1Department of Animal and Dairy Science, University of Georgia, Athens, GA, 30602, USA.
Genet Sel Evol. 2024 Aug 22;56(1):59. doi: 10.1186/s12711-024-00925-3.
Single-nucleotide polymorphism (SNP) effects can be backsolved from ssGBLUP genomic estimated breeding values (GEBV) and used for genome-wide association studies (ssGWAS). However, obtaining p-values for those SNP effects relies on the inversion of dense matrices, which poses computational limitations in large genotyped populations. In this study, we present a method to approximate SNP p-values for ssGWAS with many genotyped animals. This method relies on the combination of a sparse approximation of the inverse of the genomic relationship matrix ( ) built with the algorithm for proven and young ( ) and an approximation of the prediction error variance of SNP effects which does not require the inversion of the left-hand side (LHS) of the mixed model equations. To test the proposed p-value computing method, we used a reduced genotyped population of 50K genotyped animals and compared the approximated SNP p-values with benchmark p-values obtained with the direct inverse of LHS built with an exact genomic relationship matrix ( . Then, we applied the proposed approximation method to obtain SNP p-values for a larger genotyped population composed of 450K genotyped animals.
The same genomic regions on chromosomes 7 and 20 were identified across all p-value computing methods when using 50K genotyped animals. In terms of computational requirements, obtaining p-values with the proposed approximation reduced the wall-clock time by 38 times and the memory requirement by ten times compared to using the exact inversion of the LHS. When the approximation was applied to a population of 450K genotyped animals, two new significant regions on chromosomes 6 and 14 were uncovered, indicating an increase in GWAS detection power when including more genotypes in the analyses. The process of obtaining p-values with the approximation and 450K genotyped individuals took 24.5 wall-clock hours and 87.66GB of memory, which is expected to increase linearly with the addition of noncore genotyped individuals.

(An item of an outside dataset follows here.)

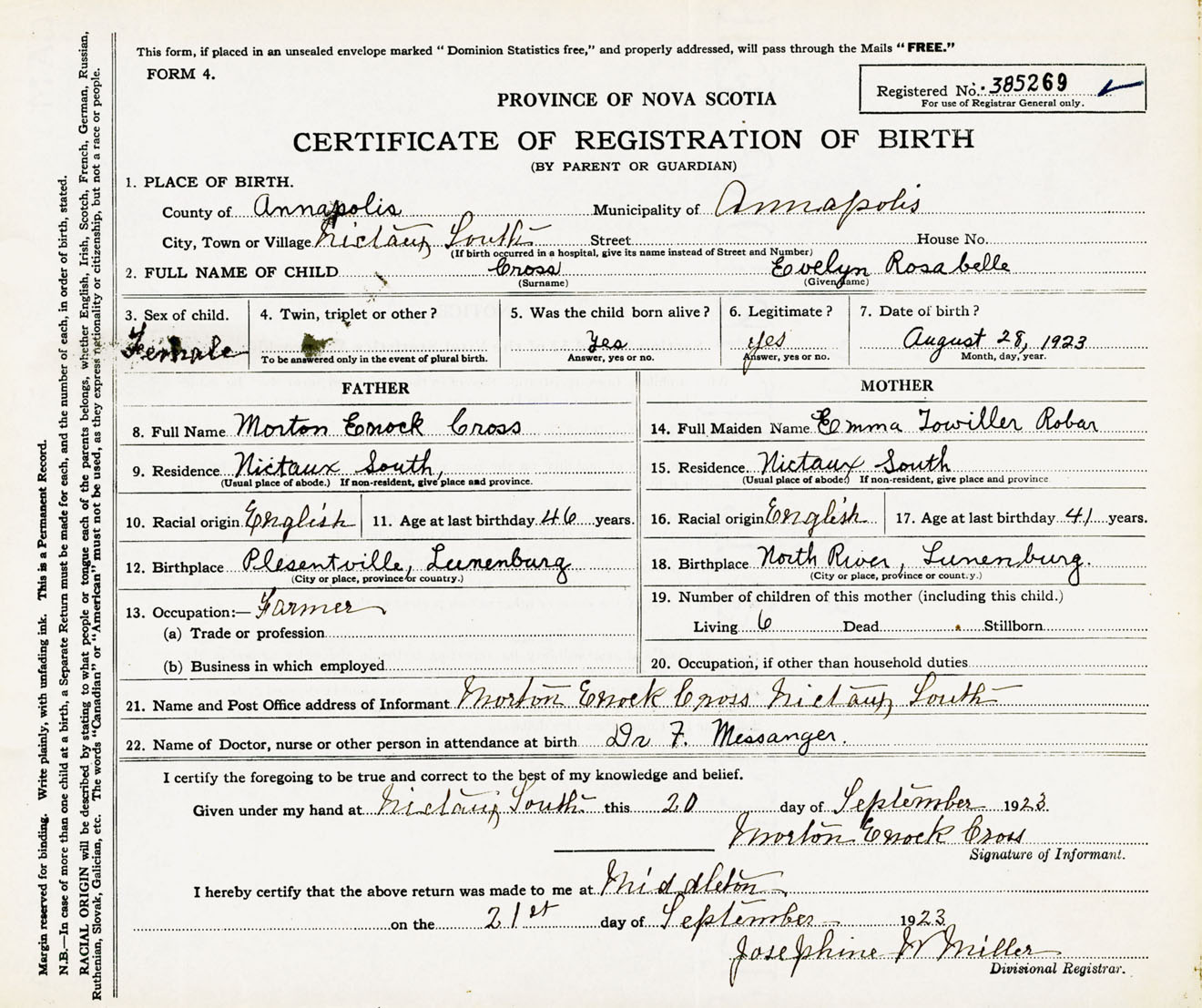 Female Birth Registration: Year: 1923 number: 38500269

With the proposed method, obtaining p-values for SNP effects in ssGWAS is computationally feasible in large genotyped populations. The computational cost of obtaining p-values in ssGWAS may no longer be a limitation in extensive populations with many genotyped animals.
单核苷酸多态性(SNP)效应可以从 ssGBLUP 基因组估计育种值(GEBV)中反推出来,并用于全基因组关联研究(ssGWAS)。然而,获得那些 SNP 效应的 p 值依赖于密集矩阵的逆运算,这在大型基因分型群体中存在计算限制。在这项研究中,我们提出了一种在有大量基因分型动物的情况下,对 ssGWAS 的 SNP 效应进行近似 p 值计算的方法。该方法依赖于利用算法为已证实和年轻的( )构建的基因组关系矩阵( )的稀疏近似以及 SNP 效应预测误差方差的近似,而不需要混合模型方程的左(LHS)的逆运算。为了测试所提出的 p 值计算方法,我们使用了一个经过缩减的基因分型群体的 50K 个基因分型动物,并将近似 SNP p 值与使用具有精确基因组关系矩阵( )的 LHS 直接逆运算获得的基准 p 值进行了比较。然后,我们应用所提出的近似方法,对由 450K 个基因分型动物组成的更大基因分型群体进行 SNP p 值计算。
当使用 50K 个基因分型动物时,所有 p 值计算方法都在染色体 7 和 20 上鉴定出相同的基因组区域。在计算要求方面,与使用 LHS 的精确逆运算相比,使用所提出的近似方法获得 p 值时,计算时间减少了 38 倍,内存需求减少了 10 倍。当将近似方法应用于 450K 个基因分型动物的群体时,在染色体 6 和 14 上发现了两个新的显著区域,表明在分析中包含更多的基因型时,GWAS 的检测能力有所提高。使用近似方法和 450K 个基因分型个体获得 p 值的过程需要 24.5 个时钟小时和 87.66GB 的内存,预计随着非核心基因分型个体的增加,计算时间和内存需求将呈线性增加。
在所提出的方法中,在大型基因分型群体中,对 ssGWAS 的 SNP 效应进行 p 值计算在计算上是可行的。在具有大量基因分型动物的广泛群体中,获得 ssGWAS 中 p 值的计算成本可能不再是一个限制。